At least 21 deaths had been blamed on the storm system since it charged out of the Plains during the weekend, piling snow in the Ohio Valley, producing mudslides and floods in the southern Appalachians, and making layers of ice that snapped trees and power lines.
The storm was headed for New England, where Massachusetts expected up to 2 feet of snow and minor coastal flooding.
Airports for Washington, Baltimore, Philadelphia and New York largely shut down, stranding thousands of passengers trying to leave and get into the region. Amtrak's north-south service was halted between Washington and Richmond, Va., and regional bus service stopped in many areas.
The holiday meant there were few commuters, but police from Kentucky to Massachusetts pleaded with motorists to stay home and some counties banned nonessential travel so roads could be cleared.
"This is going to be days worth of cleanup," said Maryland Highway Administration spokesman David Buck.
The western tip of Maryland was buried, with 49 inches of snow in Garrett County on top of 30-foot drifts left by earlier storms.
"It's no man's land out there," said Garrett County state highway supervisor Paul McIntyre, whose office window in Keysers Ridge, elevation 2,900 feet, was entirely blocked by snow. "It looks more like Siberia than Maryland."
Elsewhere, 27 inches fell in West Virginia's Berkeley County, the National Weather Service said. The Seven Springs ski resort area on western Pennsylvania had 40 inches.
It was one of the worst snowstorms in a century in Washington, where 16 inches fell.
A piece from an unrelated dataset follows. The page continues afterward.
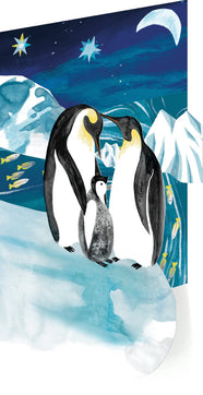 This lovely laser cut Christmas card features a festive penguin family illustration. A sweet way to send your season's greetings!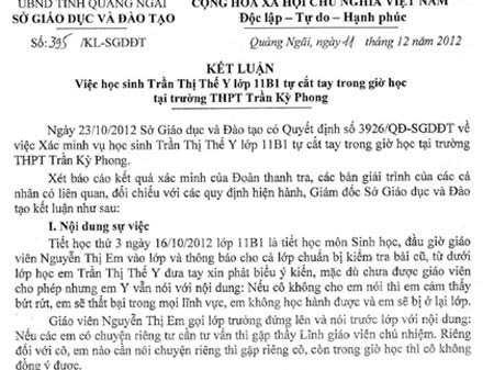 Ngày 11/12, Sở GD-ĐT tỉnh Quảng Ngãi đã ký văn bản số 395 về kết luận vụ việc học sinh cắt tay phản đối cách dạy của cô giáo.

For the region as a whole, it was the worst snowstorm since the blizzard of 1996, when at least 80 deaths were blamed on the weather.
Staff members at Baltimore-Washington International Airport distributed blankets and pillows to the some 150 travelers who spent the night there. The Port Authority of New York and New Jersey, which operates Newark, Kennedy and LaGuardia airports, supplied cots and blankets.
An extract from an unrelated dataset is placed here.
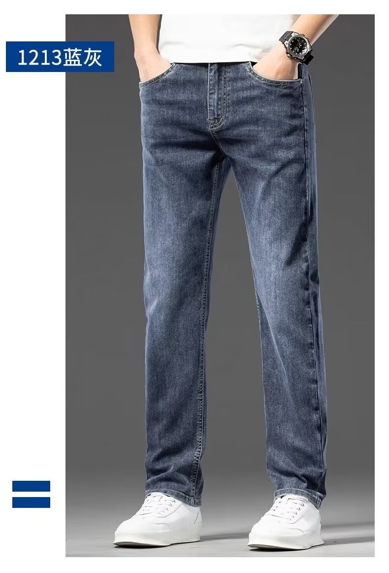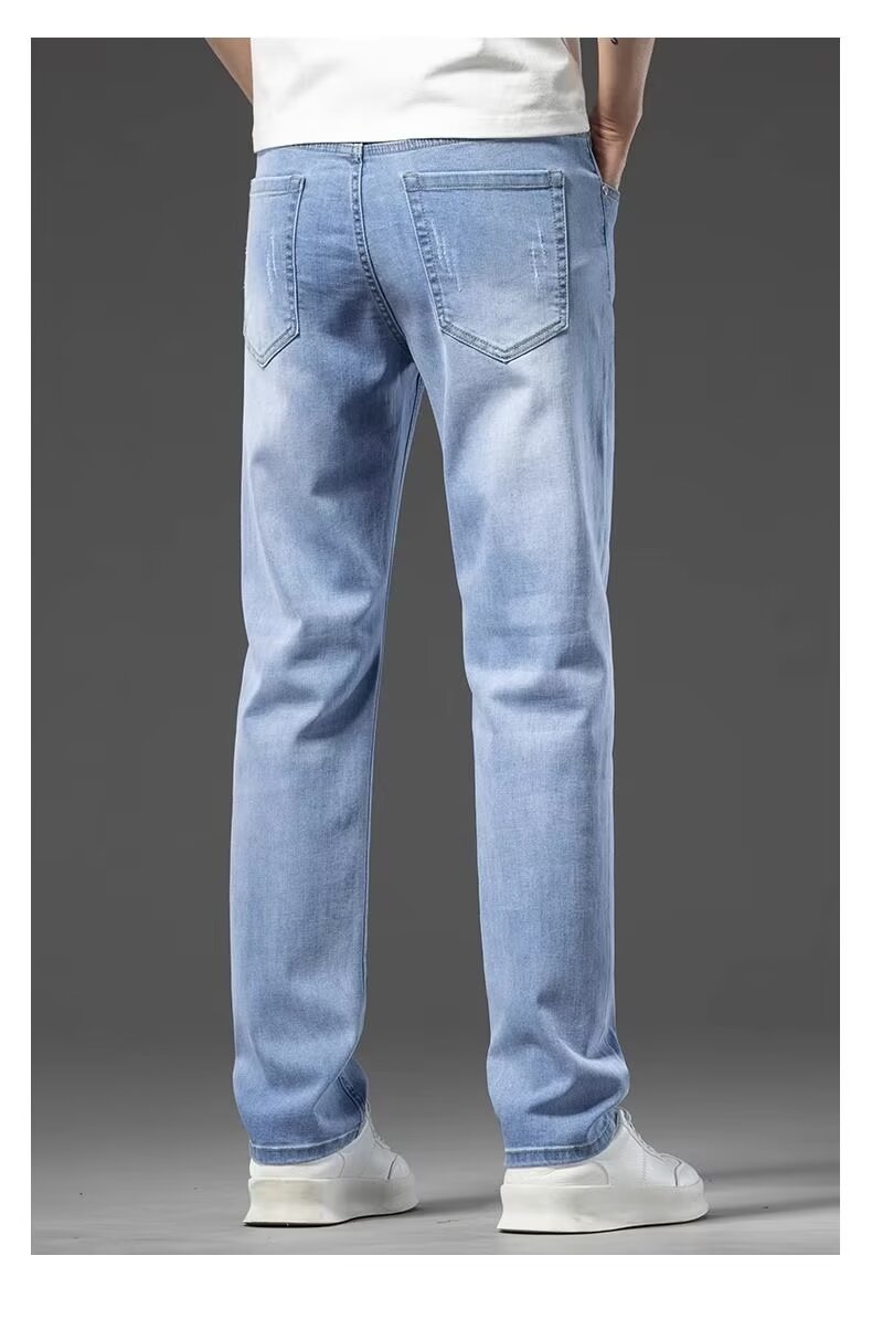 라이트 블루 하이 엔드 남자 청바지 얇은 2024 여름 새로운 느슨한 스트레이트 스트레치 긴 바지 올매치 트렌디스토어 가기

Thousands of travelers trying to get home from vacations were stuck at Florida airports.
"We got in here Sunday afternoon and were told we weren't going anywhere until Wednesday morning," said Thomas Gibbons of Philadelphia, who had spent a vacation with his wife and two other couples in the Dominican Republic. Gibbons, who found hotel rooms for him and his traveling companions, took the delay in stride.
"It could be worse - it's gorgeous here in Miami, and the hotel has a nice pool."
The heavy snow was blamed for several roof collapses in New Jersey, including one that killed a man at a job-training school in Edison. In Maryland, a roof fell in at the B & O Railroad Museum in Baltimore.
Ohio Gov. Bob Taft declared three southern counties disaster areas Monday because of the snow and ice. Disaster and emergency declarations also had been issued by governors in New York, Kentucky, New Jersey, West Virginia, Maryland and Delaware.
States had thousands of crews plowing and spreading salt. Maryland Gov. Robert Ehrlich said the storm had cost between $20 million and $30 million -- and the state was already $14 million over budget for road cleanup this season.
New York Mayor Michael Bloomberg estimated the storm, measured in Central Park at 19.5 inches by early evening, already had cost his city around $20 million. By early evening, the snow had ended in the city.
Plows built piles of snow two stories high along some streets, including Fifth Avenue near the Saks department store in Midtown Manhattan, where tourists took pictures of each other standing on the gigantic mounds of snow.
An estimated 100,000 customers lost power in West Virginia, with 20,000 in the Carolinas, 62,000 in Ohio, 96,000 in Kentucky and 6,000 in Virginia.
Weather-related deaths included two in Illinois, one in Nebraska, six in West Virginia, six in Missouri, one in Ohio, one in New Jersey and four in Iowa.
In Tennessee, two children were missing after the car in which they were riding was swept off a bridge by high water late Sunday. The car had not been found Monday. Their aunt, who was driving, was rescued.